Metz marque son territoire
Les Messines n'ont pas fait de détail, hier devant Issy-les-Moulineaux : leur victoire par douze buts d'écart en dit long sur leur envie de ne rien lâcher. Le leader est féroce.
Laminé, lessivé, nettoyé... Issy n'a pas tenu la distance, hier à Saint-Symphorien. Douze buts d'écart en faveur des Lorraines : le compte est bon. Et le fauteuil de leader n'est pas prêt d'échapper aux protégées de Sandor Rac. « On a réalisé une première mi-temps pratiquement de rêve, sourit l'entraîneur serbe de Metz. Nous aurions pu gagner de vingt buts, mais l'important était également de donner du temps de jeu à celles qui en ont moins d'habitude. Là, tout le monde a eu sa chance. » Rachida Hadj, Aurélia Guillaut, Johanna Gomez, Pavla Poznarova et Sonia Cendier ont ainsi pris part au festin. Avec une belle gourmandise.
Car, H2ML ne badine pas en fermant la porte d'entrée. Issy-les-Moulineaux se casse alors les dents sur une époustouflante Linda Pradel (vingt arrêts, dont deux penaltys) et sa défense intraitable. Illustration de la détresse des banlieusardes parisiennes : au buzzer, Sophie Herbrecht rejoindra le vestiaire avec un 2/14 au tir.
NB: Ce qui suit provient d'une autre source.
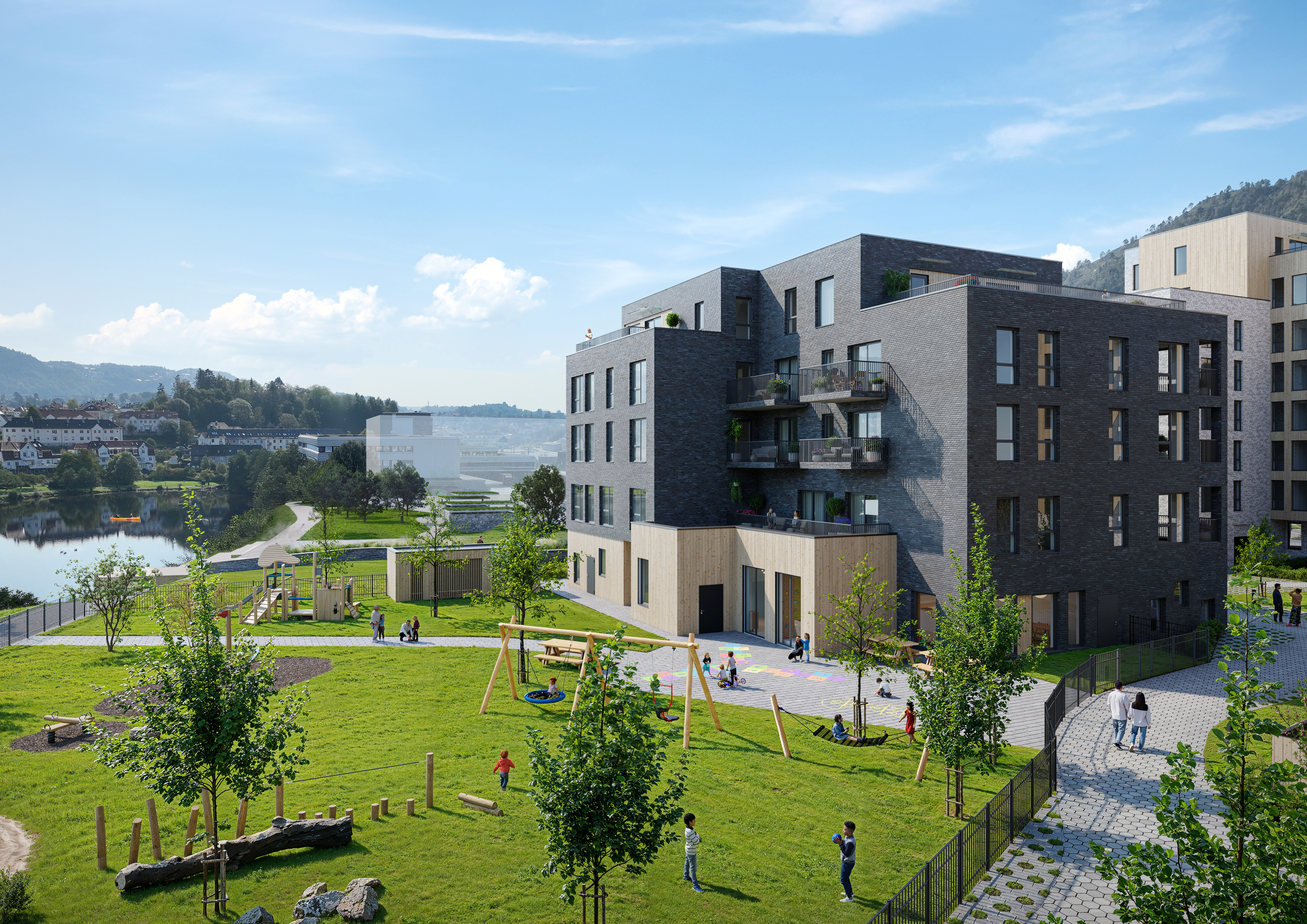 Boligene vender mot den nye parken og idylliske Solheimsvatnet, som blir din nærmeste nabo. Nyt grønne omgivelser, vannspeil og rekreasjon – rett utenfor døren, samtidig som du har bylivet like ved.

Ses coéquipières ne font guère mieux : 5/21, soit 23 % de réussite lors des trente minutes initiales. Enfin, il serait plus juste de parler de 77 % d'échec.
De son côté, Metz est sur un nuage. Avec une telle gardienne, les choses sont plus faciles. Encore faut-il ne pas manquer les occasions qui se présentent. A cet exercice, les championnes de France en titre sont impériales. Elles réalisent une de leurs meilleures prestations. Brillantissimes derrière, Isabelle Wendling et ses amies vont voler la balle aux quatre coins du terrain. Vesna Horacek (8/10) affole Leïla Hadi et ses camarades qui ne peuvent que constater les dégâts. 17/25 (68 %) en première période pour un très joli 30/52 (57 %) au total : quel carton des Messines !
Et encore, l'euphorie aidant, les partenaires de Lenka Kysucanova ratent des immanquables, forcent des tirs ou adressent quelques mauvaises passes. Cherchant leur second souffle, elles restent même dix minutes sans marquer et encaissent un 4-0. Qu'importe ! Ne viennent-elles pas de passer un 7-0 aux Parisiennes (de 9-4 à la 15e à 16-4 à la 27e). Le plus dur est fait. Personne n'en veut aux championnes de lever un peu le pied puisque l'issue de la rencontre n'a jamais fait l'ombre d'un doute. Seule la marge est une inconnue.
Et puis le principal, depuis la défaite du Havre à Dijon (23-22) mercredi, est de creuser l'écart sans jeter toutes ses forces dans la bagarre. Yutz, mercredi en Coupe, et Le Havre dimanche en championnat : les objectifs sont de ce côté. En tout cas, hier, Metz a impressionné tous les observateurs.